▶ _What this task involves_
Every record below must come back exactly as written, with the images dropped.

(Task input begins)

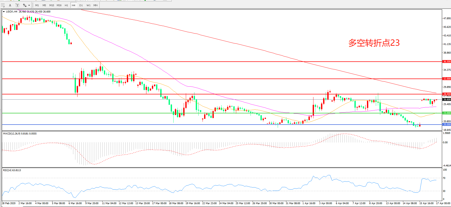 周四(4月16日),OPEC发布月度报告,因新冠疫情造成的历史性冲击”,市场对原油的需求降至30年最低水平。美国WTI原油由于移仓换月,价格出现较大变化,但日内波幅较小,窄幅震荡后收报26.40美元/桶。
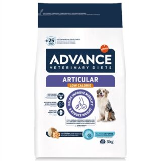 Advance Veterinary Diet Articular Gewrichten Minder Calorieën 12 kg is compleet en uitgebalanceerd hondenvoer voor volwassen honden (en puppy's vanaf 6 maanden), speciaal ontwikkeld voor honden met gewrichtsproblemen en overgewicht. Dit voer bevat probiotica, prebiotica, vezels en actieve immunoglobines, die bijdragen aan een gezonde darmflora, wat essentieel is voor een goede weerstand en heeft een verlaagd caloriegehalte.
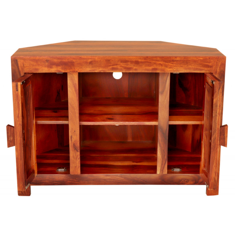 TV stolík rohový masív Kali je vyrobený z kvalitného masívneho palisandrového dreva. Rohový TV stolík z masívu je vyrobený z indického palisandru. Má dvoje dvierka a dve poličky.TV stolík nemá 90°.Rohové TV stolíky z masívu, ktoré máme skladom, si môžete pozrieť v našom showroome. Indický koloniálny nábytok palisander (sheesham) masív.
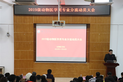 11月24日上午,yl6809永利2019级本科生专业分流动员大会于动医楼T型教室举行。我校教务处处长孙志良,yl6809永利党委书记伍小松,院长郑晓峰,正处级组织委员姚文昌,党委副书记首道,副院长苏建明、刘国华,农业部兽药改革委员曾建国,动物药学系教授,2019级本科生辅导员赵建松,加农正和生物技术有限公司总经理柳高峰出席会议,2019级全体本科生参加会议。会议由郑晓峰院长主持。
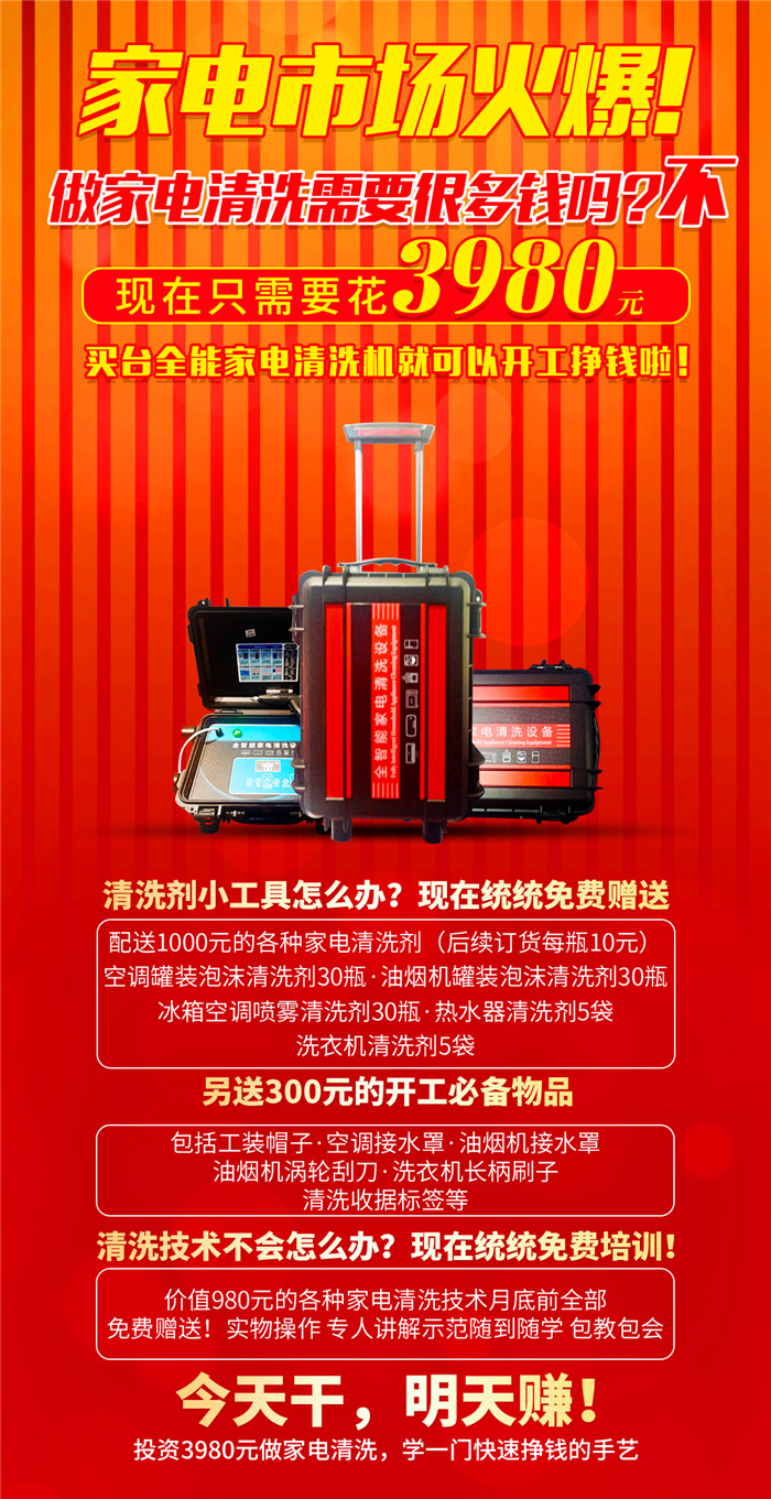 很簡單:1.沒加盟費。家電清洗*能機一體機+多功能管道清洗機+280瓶家電清洗劑,只要9800元就算加盟。
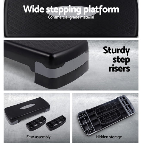 Have a professional workout at home with this commercial gym grade Aerobic Step. Just like the ones at your local gym, it features an advanced anti-slip surface and a wide stepping platform. You can adjust the height to the level that is most comfortable to train at – go at your own pace. It's excellent for improving cardiovascular fitness, and can also train your body coordination, burn fat and tone up your hips and thighs at the same time. It's incredibly easy to assemble; simply stack it up and you're ready to train! No need to book in at the gym anymore; now you can have a professional workout even when you're at home. Get your Aerobic Step today and start exercising like the pros!
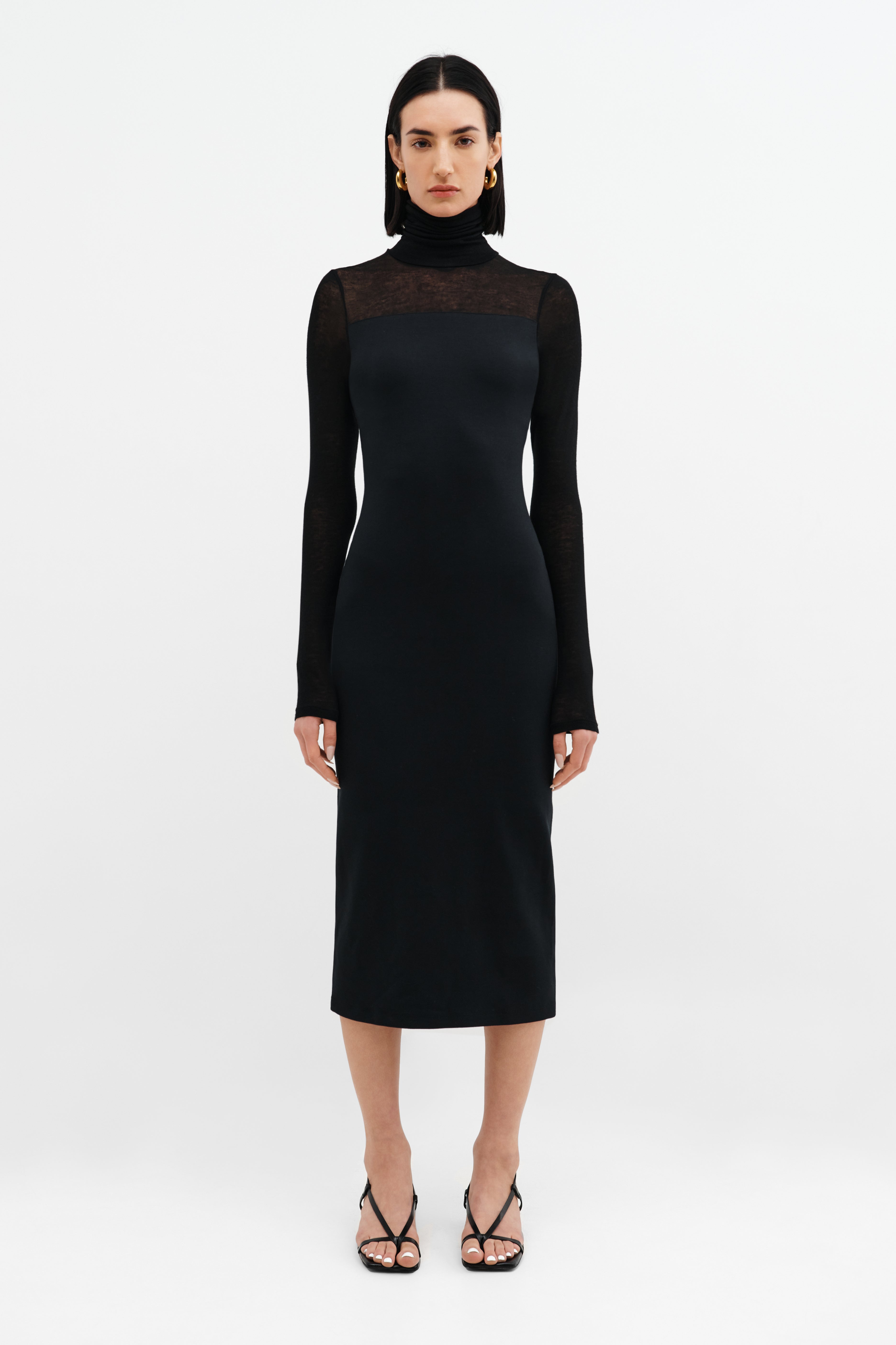 Beautiful simplicity. Mainly fashioned from our structured, mid-stretch European ponte, our Marina is an elegant but subtly arresting black midi dress with a turtleneck, neckline and extra long sleeves in silky sheer European jersey. Offering a body hugging fit, Marina works for any setting. We recommend wearing her with a strapless bra.
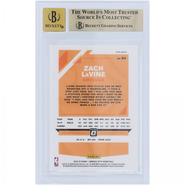 Zach LaVine Chicago Bulls Autographed 2019-20 Panini Donruss Optic Fanatics Box Set #64 Beckett Fanatics Witnessed Authenticated 9.5/10 Card
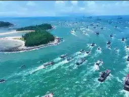 We arrived just in time for the 22nd South China Sea Fishing Festival. At the sacrificial ceremony on the fishing port docks, Tanka fishermen dressed in traditional attire performed ancient rituals to pray for a bountiful harvest. The evening's fishing village feast was even more astonishing—the 2-kilometer-long Haibin Road pedestrian street was lined with nearly a thousand tables of seafood feasts, buzzing with excitement. Freshly steamed mudflat fish, crispy and fragrant salt-and-pepper mantis shrimp, and local snacks like Spanish mackerel fish balls and fried rice cakes—each bite felt like swallowing the vastness of the ocean. At noon the next day, as the fishing ban was officially lifted, drones captured the epic sight of a thousand ships setting sail: steel-hulled fishing boats plowed through the emerald waves, white foam churning, as the fleet sailed majestically into the open sea. A child pointed at the fleet and cheered, "They're going to bring back the ocean's treasures!"
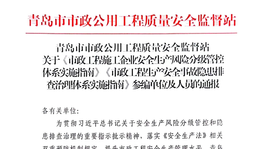“标准决定质量,有什么样的标准就有什么样的质量,只有高标准才有高质量。”青岛半岛线上官网_半岛online(中国)体育集团深入学习贯彻习近平总书记关于安全生产、标准化工作的重要论述精神,近日,半岛线上官网_半岛online(中国)体育集团与青岛市市政工程质量安全监督站共同主编两项省级行业团体标准《市政工程安全事故隐患排查治理体系实施指南》(以下简称《隐患排查指南》)《市政工程施工企业安全生产风险分级管控体系实施指南》(以下简称《风险管控指南》),已正式发布实施。(图为两
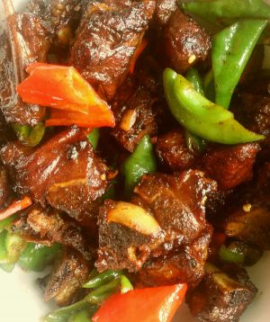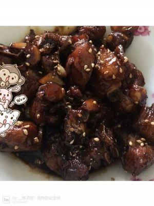 3.晾干蒸好的排骨 放油锅里 翻炒 加蒜末姜丝 继续翻炒 加啤酒 (啤酒会使肉质更加软)闷煮二分钟左右 加生抽 加点老抽 加点酱油 翻炒 再焖煮 差不多的时候加点红糖或者冰糖 收汁 装盘撒上熟的白芝麻 即可
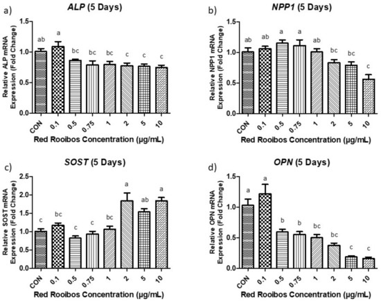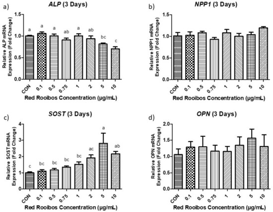 After 3 days of mineralization there were no differences in ALP expression between cells that were exposed to lower concentrations of RR tea (≤ 2 µg/mL of polyphenols) and the control vehicle (dH2O). However, at concentrations ≥ 5 µg/mL or higher there is a statistically significant (p < 0.05) decrease in ALP (ALPL) expression (Figure 4a). NPP1 (ENPP1) expression remained similar between all conditions regardless of RR tea concentration (Figure 4b). SOST remained unchanged at lower concentrations (≤ 2 µg/mL) but expression was significantly (p < 0.05) increased, when supplemented with higher concentrations of RR tea (≥ 5 µg/mL of polyphenols) relative to cells treated with control vehicle (Figure 4c). Levels of OPN (SPP1) expression were similar across all concentrations after 3 days of mineralization with no statistical differences among them (p < 0.05) (Figure 4d).
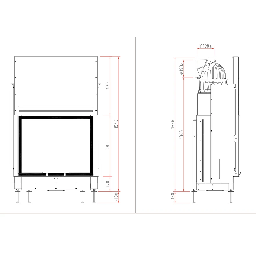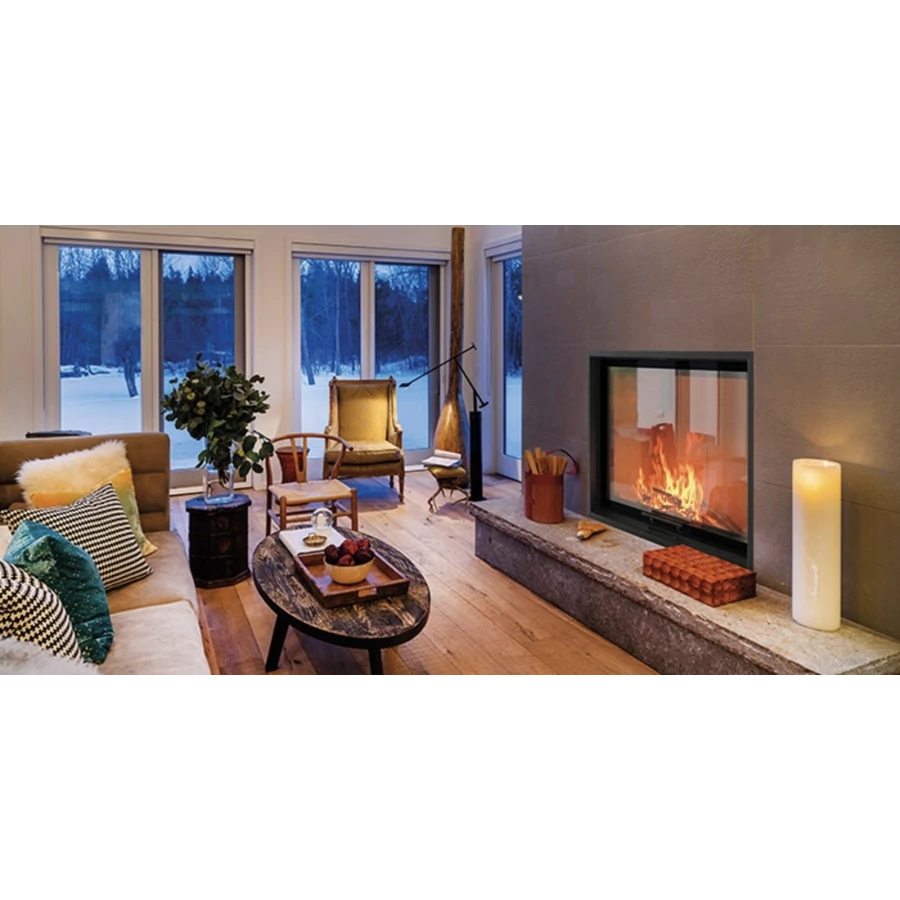 A magas üvegfelület különleges térérzetet ad: a lángok nemcsak szélesen, hanem felfelé is érvényesülnek, így a kandalló valódi fókuszponttá válik a nappaliban. A tűz látványa monumentálisabb, dinamikusabb, miközben a letisztult keret minimalista eleganciát sugároz.

(Task input ends)

▶ _Response area_
 周四(4月16日),OPEC发布月度报告,因新冠疫情造成的历史性冲击”,市场对原油的需求降至30年最低水平。美国WTI原油由于移仓换月,价格出现较大变化,但日内波幅较小,窄幅震荡后收报26.40美元/桶。
 Advance Veterinary Diet Articular Gewrichten Minder Calorieën 12 kg is compleet en uitgebalanceerd hondenvoer voor volwassen honden (en puppy's vanaf 6 maanden), speciaal ontwikkeld voor honden met gewrichtsproblemen en overgewicht. Dit voer bevat probiotica, prebiotica, vezels en actieve immunoglobines, die bijdragen aan een gezonde darmflora, wat essentieel is voor een goede weerstand en heeft een verlaagd caloriegehalte.
 TV stolík rohový masív Kali je vyrobený z kvalitného masívneho palisandrového dreva. Rohový TV stolík z masívu je vyrobený z indického palisandru. Má dvoje dvierka a dve poličky.TV stolík nemá 90°.Rohové TV stolíky z masívu, ktoré máme skladom, si môžete pozrieť v našom showroome. Indický koloniálny nábytok palisander (sheesham) masív.
 11月24日上午,yl6809永利2019级本科生专业分流动员大会于动医楼T型教室举行。我校教务处处长孙志良,yl6809永利党委书记伍小松,院长郑晓峰,正处级组织委员姚文昌,党委副书记首道,副院长苏建明、刘国华,农业部兽药改革委员曾建国,动物药学系教授,2019级本科生辅导员赵建松,加农正和生物技术有限公司总经理柳高峰出席会议,2019级全体本科生参加会议。会议由郑晓峰院长主持。
 很簡單:1.沒加盟費。家電清洗*能機一體機+多功能管道清洗機+280瓶家電清洗劑,只要9800元就算加盟。
 Have a professional workout at home with this commercial gym grade Aerobic Step. Just like the ones at your local gym, it features an advanced anti-slip surface and a wide stepping platform. You can adjust the height to the level that is most comfortable to train at – go at your own pace. It's excellent for improving cardiovascular fitness, and can also train your body coordination, burn fat and tone up your hips and thighs at the same time. It's incredibly easy to assemble; simply stack it up and you're ready to train! No need to book in at the gym anymore; now you can have a professional workout even when you're at home. Get your Aerobic Step today and start exercising like the pros!
 Beautiful simplicity. Mainly fashioned from our structured, mid-stretch European ponte, our Marina is an elegant but subtly arresting black midi dress with a turtleneck, neckline and extra long sleeves in silky sheer European jersey. Offering a body hugging fit, Marina works for any setting. We recommend wearing her with a strapless bra.
 Zach LaVine Chicago Bulls Autographed 2019-20 Panini Donruss Optic Fanatics Box Set #64 Beckett Fanatics Witnessed Authenticated 9.5/10 Card
 We arrived just in time for the 22nd South China Sea Fishing Festival. At the sacrificial ceremony on the fishing port docks, Tanka fishermen dressed in traditional attire performed ancient rituals to pray for a bountiful harvest. The evening's fishing village feast was even more astonishing—the 2-kilometer-long Haibin Road pedestrian street was lined with nearly a thousand tables of seafood feasts, buzzing with excitement. Freshly steamed mudflat fish, crispy and fragrant salt-and-pepper mantis shrimp, and local snacks like Spanish mackerel fish balls and fried rice cakes—each bite felt like swallowing the vastness of the ocean. At noon the next day, as the fishing ban was officially lifted, drones captured the epic sight of a thousand ships setting sail: steel-hulled fishing boats plowed through the emerald waves, white foam churning, as the fleet sailed majestically into the open sea. A child pointed at the fleet and cheered, "They're going to bring back the ocean's treasures!"
“标准决定质量,有什么样的标准就有什么样的质量,只有高标准才有高质量。”青岛半岛线上官网_半岛online(中国)体育集团深入学习贯彻习近平总书记关于安全生产、标准化工作的重要论述精神,近日,半岛线上官网_半岛online(中国)体育集团与青岛市市政工程质量安全监督站共同主编两项省级行业团体标准《市政工程安全事故隐患排查治理体系实施指南》(以下简称《隐患排查指南》)《市政工程施工企业安全生产风险分级管控体系实施指南》(以下简称《风险管控指南》),已正式发布实施。(图为两
 3.晾干蒸好的排骨 放油锅里 翻炒 加蒜末姜丝 继续翻炒 加啤酒 (啤酒会使肉质更加软)闷煮二分钟左右 加生抽 加点老抽 加点酱油 翻炒 再焖煮 差不多的时候加点红糖或者冰糖 收汁 装盘撒上熟的白芝麻 即可
 After 3 days of mineralization there were no differences in ALP expression between cells that were exposed to lower concentrations of RR tea (≤ 2 µg/mL of polyphenols) and the control vehicle (dH2O). However, at concentrations ≥ 5 µg/mL or higher there is a statistically significant (p < 0.05) decrease in ALP (ALPL) expression (Figure 4a). NPP1 (ENPP1) expression remained similar between all conditions regardless of RR tea concentration (Figure 4b). SOST remained unchanged at lower concentrations (≤ 2 µg/mL) but expression was significantly (p < 0.05) increased, when supplemented with higher concentrations of RR tea (≥ 5 µg/mL of polyphenols) relative to cells treated with control vehicle (Figure 4c). Levels of OPN (SPP1) expression were similar across all concentrations after 3 days of mineralization with no statistical differences among them (p < 0.05) (Figure 4d).
 A magas üvegfelület különleges térérzetet ad: a lángok nemcsak szélesen, hanem felfelé is érvényesülnek, így a kandalló valódi fókuszponttá válik a nappaliban. A tűz látványa monumentálisabb, dinamikusabb, miközben a letisztult keret minimalista eleganciát sugároz.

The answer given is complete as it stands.